# Schur's inequality

In mathematics, Schur's inequality, named after Issai Schur, establishes that for all non-negative real numbers x, y, z and t,

$x^{t}(x-y)(x-z)+y^{t}(y-z)(y-x)+z^{t}(z-x)(z-y)\geq 0$ with equality if and only if x = y = z or two of them are equal and the other is zero. When t is an even positive integer, the inequality holds for all real numbers x, y and z.

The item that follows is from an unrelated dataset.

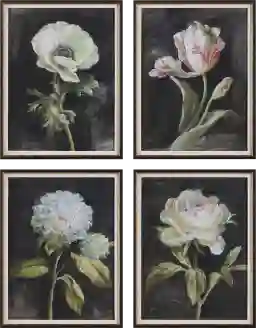 A set of four vertical prints offers great versatility for wall layouts. For a structured, formal look, hang them in a symmetrical 2x2 grid. For a more contemporary feel or to fill a long hallway, you can arrange all four in a single horizontal row. Because each print features a different botanical variety in a cohesive color palette, they can also be split into pairs to accent smaller wall sections or to flank a doorway.

When $t=1$ , the following well-known special case can be derived:

$x^{3}+y^{3}+z^{3}+3xyz\geq xy(x+y)+xz(x+z)+yz(y+z)$ ## Proof

Since the inequality is symmetric in $x,y,z$  we may assume without loss of generality that $x\geq y\geq z$ . Then the inequality

$(x-y)[x^{t}(x-z)-y^{t}(y-z)]+z^{t}(x-z)(y-z)\geq 0$

clearly holds, since every term on the left-hand side of the inequality is non-negative. This rearranges to Schur's inequality.

## Extensions

A generalization of Schur's inequality is the following: Suppose a,b,c are positive real numbers. If the triples (a,b,c) and (x,y,z) are similarly sorted, then the following inequality holds:

$a(x-y)(x-z)+b(y-z)(y-x)+c(z-x)(z-y)\geq 0.$

In 2007, Romanian mathematician Valentin Vornicu showed that a yet further generalized form of Schur's inequality holds:

Consider $a,b,c,x,y,z\in \mathbb {R}$ , where $a\geq b\geq c$ , and either $x\geq y\geq z$  or $z\geq y\geq x$ . Let $k\in \mathbb {Z} ^{+}$ , and let $f:\mathbb {R} \rightarrow \mathbb {R} _{0}^{+}$  be either convex or monotonic. Then,

${f(x)(a-b)^{k}(a-c)^{k}+f(y)(b-a)^{k}(b-c)^{k}+f(z)(c-a)^{k}(c-b)^{k}\geq 0}.$

The standard form of Schur's is the case of this inequality where x = a, y = b, z = c, k = 1, ƒ(m) = mr.

Another possible extension states that if the non-negative real numbers $x\geq y\geq z\geq v$  with and the positive real number t are such that x + v ≥ y + z then

$x^{t}(x-y)(x-z)(x-v)+y^{t}(y-x)(y-z)(y-v)+z^{t}(z-x)(z-y)(z-v)+v^{t}(v-x)(v-y)(v-z)\geq 0.$